蒯龙目光如炬,凝视着前方如潮水般涌来的大蜀国军队,眉头紧锁。
事先与大将军王猛商议,本是计划攻入东城门后,逐步肃清残余势力,确保西凉城内无一遗漏的敌军小队。
但现在看这个架势,王猛是把所有军士全都向西城门移动来了。
“大将军!”蒯龙在马上恭敬地行礼,声音中带着一丝不易察觉的忧虑。
王猛见到蒯龙完好无损,心头松了一口气。但看西城门进入的大蜀国军士全都一脸淡然的样子,不禁有些疑惑的问道:“贤侄没有遭遇败军?”

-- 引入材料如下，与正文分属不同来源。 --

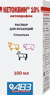 "Кетоквин" 10% - крупному рогатому скоту, свиньям, спортивным лошадям в качестве противовоспалительного, анальгезирующего и жаропонижающего средства при лечении острых и хронических заболеваний опорно-двигательного аппарата (артрозы, артриты, вывихи, тендовагиниты, травмы), при болевом синдроме (травматическая и послеоперационная боль, колики) и гипертермии различной этиологии.
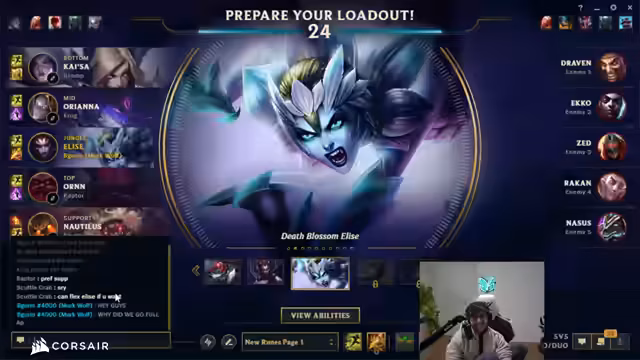 00:00:00Der Stream beginnt mit technischen Problemen bei einem Zapier-Bot. Während des Spiels, das mit der Champion Elise gespielt wird, gibt es viel Verwirrung über die gegnerischen Hooks und eine unklare Team-Komposition. Der Spieler versucht, einen early Double Crab zu vollziehen, ist sich aber unsicher über die Vorteile und die strategische Ausrichtung. Der Fokus liegt auf dem Jungle-Setup und den map-weiten Bewegungen.

蒯龙轻叹了一声,策马走过王猛面前。心头虽然感动,但对王猛这般擅自改变计划的举动仍感失望!“大将军,此举过于急躁了。”他低声提醒道。
接着,他把刚才西城门城楼之上,松库卜被射成重伤的事告诉了王猛,语气凝重道:“如果松库卜没有昏迷,看到东城门进入的大蜀国军队不管不顾的向西城门进发,他一定能猜到一些。若是醒悟过来,返身杀回西凉城,再次在城内展开血战到底,真的便成死战了啊!”

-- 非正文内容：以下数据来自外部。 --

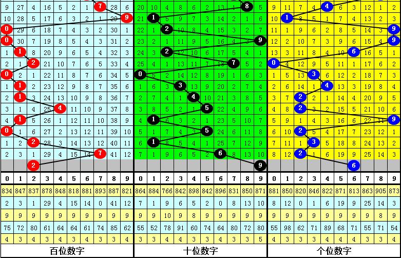(2)在号码频次方面,开出个数最少的三个号码为:8、3、5,一般来说这三个号码不会同时出现;开出个数最多的四个号码分别为:2、1、9、4,本期看好这四个号码中包含1-2个开奖号码,注意号码2。

此话一出,王猛脸色骤变,这才猛然醒悟过来,到时候大蜀国军士才是真的要血流成河,即便再胜,也会如同在攻城之时,手下所担心的那样,大蜀国将士折损严重。
连忙问道:“贤侄,那现在该如何是好?”
“大将军,此刻不宜多言。”蒯龙沉声道,“西疆图库已从北城门撤入雪山,请立即派兵追击,不必刻意杀伤,只需将他们逼入雪山,追击半日,丢下一些灶具和空粮袋作为诱饵,然后返回即可。”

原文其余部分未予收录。